Suppose we want to parse a diagram representing a path, with >, v, <, and ^ each being single steps.

>v  >>
 v  ^
 >>>^

One way of tokenizing this is to interpret each of these steps as a token, with a value representing its direction.

from parse_2d import Diagram, TinyTokenizer, tokenize

diagram = Diagram.from_string(">v  >>\n v  ^\n >>>^")

tokenizers = [
    TinyTokenizer(">", 0),
    TinyTokenizer("v", 1),
    TinyTokenizer("<", 2),
    TinyTokenizer("^", 3),
]

for token in tokenize(diagram, tokenizers):
    print(token)

Each Token has a region and a value. The region is what area it covers in the original diagram, while the value can be any Python object representing what you've tokenized.

Alternatively, you can extract the path as a single token, using the WireTokenizer, or as a directed path, by subclassing WireTokenizer.

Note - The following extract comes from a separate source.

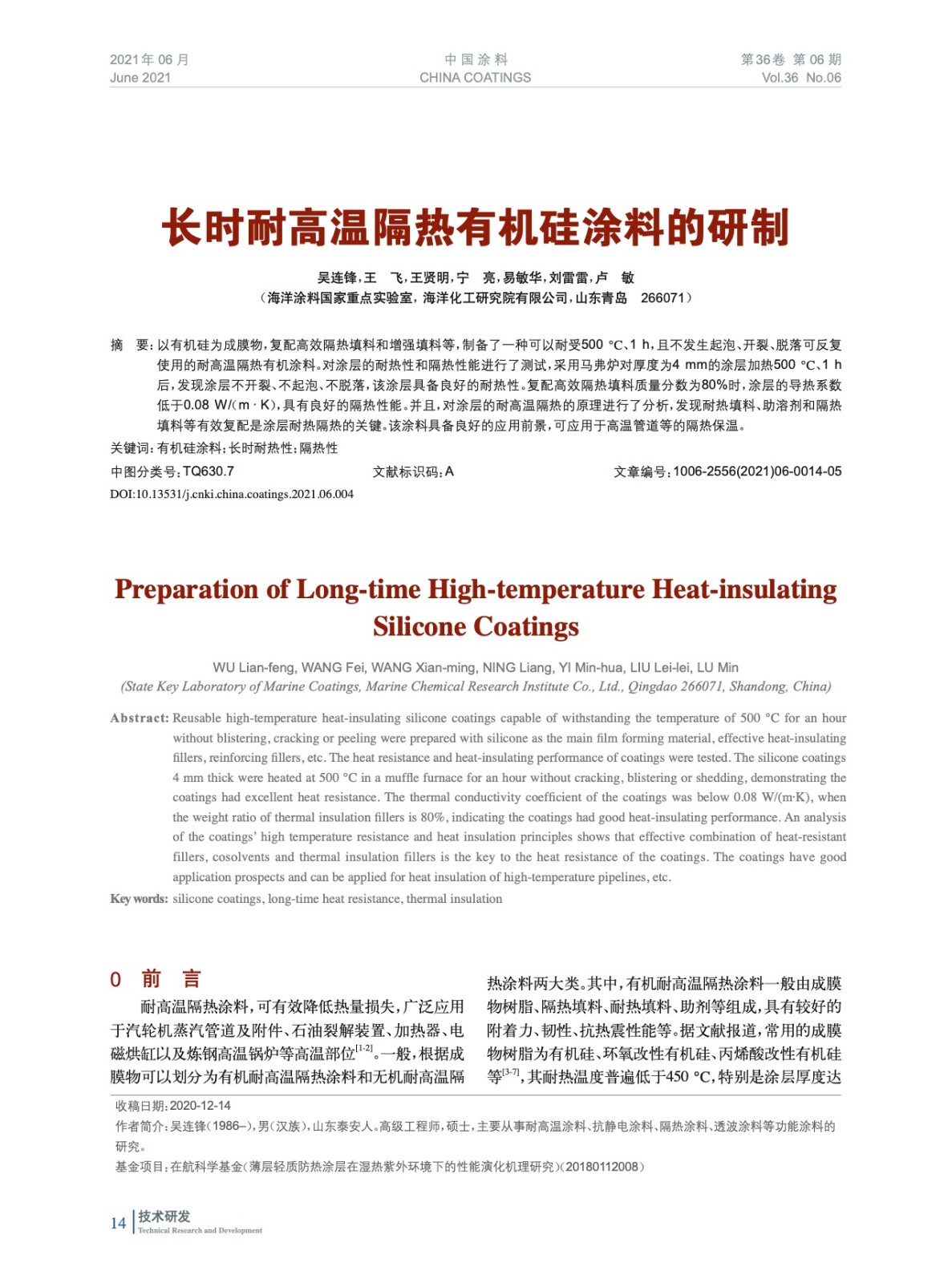 摘要:以有機硅為成膜物,復配高效隔熱填料和增強填料等,制備了一種可以耐受500 ℃、1 h,且不發生起泡、開裂、脫落可反復使用的耐高溫隔熱有機涂料。對涂層進行測試,發現該涂層具備良好的耐熱性。復配高效隔熱填料質量分數為80%時,涂層具有良好的隔熱性能。并且,對涂層的耐高溫隔熱的原理進行了分析,發現耐熱填料、助溶劑和隔熱填料等有效復配是涂層耐熱隔熱的關鍵。

A more complete sample is also provided, to demonstrate the use of these tools, by parsing the Circuit Diagram language.

Reference

Diagram

A Diagram is an infinite two-dimensional grid of "symbols", with a distinguished "whitespace" symbol. Diagrams may be instantiated with a list of lists and the whitespace symbol, or by the from_string method.

Manual instantiation

>>> diagram = Diagram([[1, 2], [3]], 0)
>>> diagram[(0, 1)]
3
>>> diagram[(1, 1)]
0
>>> diagram[(-30, 17)]
0

from_string

>>> diagram = Diagram.from_string("ab\nc")
>>> diagram[(0, 1)]
'c'
>>> diagram[(1, 1)]
' '

Region

A Region is an area on a diagram. Custom Regions may be made by inheriting from Region. The following Regions are provided by default:

TinyRegion(location)

A Region consisting of a single point. Has the location property to provide that point.

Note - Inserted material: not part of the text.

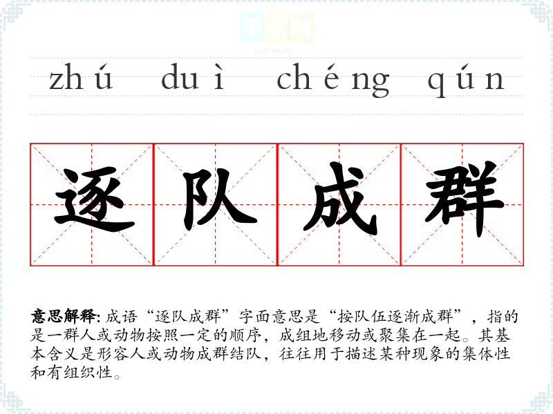 成语“逐队成群”字面意思是“按队伍逐渐成群”,指的是一群人或动物按照一定的顺序,成组地移动或聚集在一起。其基本含义是形容人或动物成群结队,往往用于描述某种现象的集体性和有组织性。

RectRegion(top_left, bottom_right)

A rectangular Region, aligned with the axes, consisting of the points bounded by top_left and bottom_right, including the top and left edges, and excluding the bottom and right edges (analogously to range).

SparseRegion(contents)

A Region consisting of a collection of disparate points. Has the contents property to provide that frozenset of points.

Token

A Token consists of a region covered, and a value that the token represents.

Tokenizer

A Tokenizer is an object for extracting tokens from diagrams. Custom Tokenizer classes may be made by inheriting from Tokenizer, and overriding the starts_on and extract_token methods. See the Tokenizer docstring for more details.

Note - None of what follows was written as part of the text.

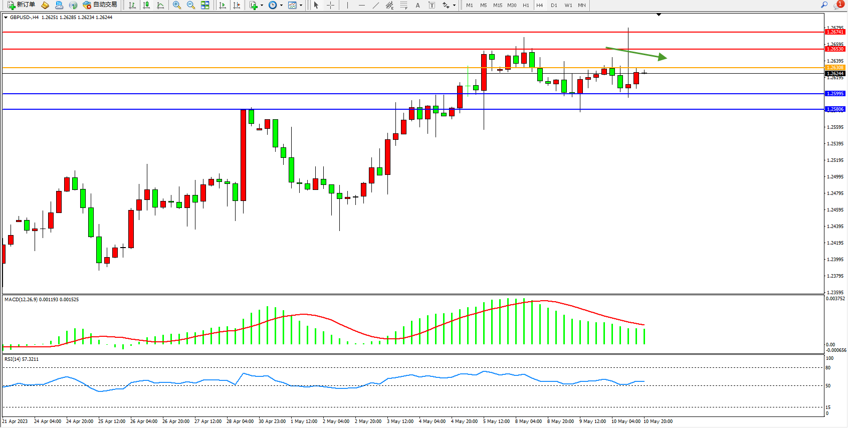 备选策略:1.26308上方看涨,目标1.26530  1.26741

TinyTokenizer(symbol, value)

Tokenizer for tokens represented by a single symbol.

Extracts a token of value token_value for every symbol in the diagram.

TemplateTokenizer(template, token_value)

Tokenizer for tokens represented by a fixed template of symbols.

The template is either a mapping of relative locations to symbols, or a Diagram.

Extracts a token of value token_value for every non-overlapping translation of the template found in the parent Diagram.

WireTokenizer(segment_connections)

Tokenizer for wire tokens, represented by a path through a diagram.

A wire consists of multiple symbol "segments", each of which has a fixed collection of directions it can connect to.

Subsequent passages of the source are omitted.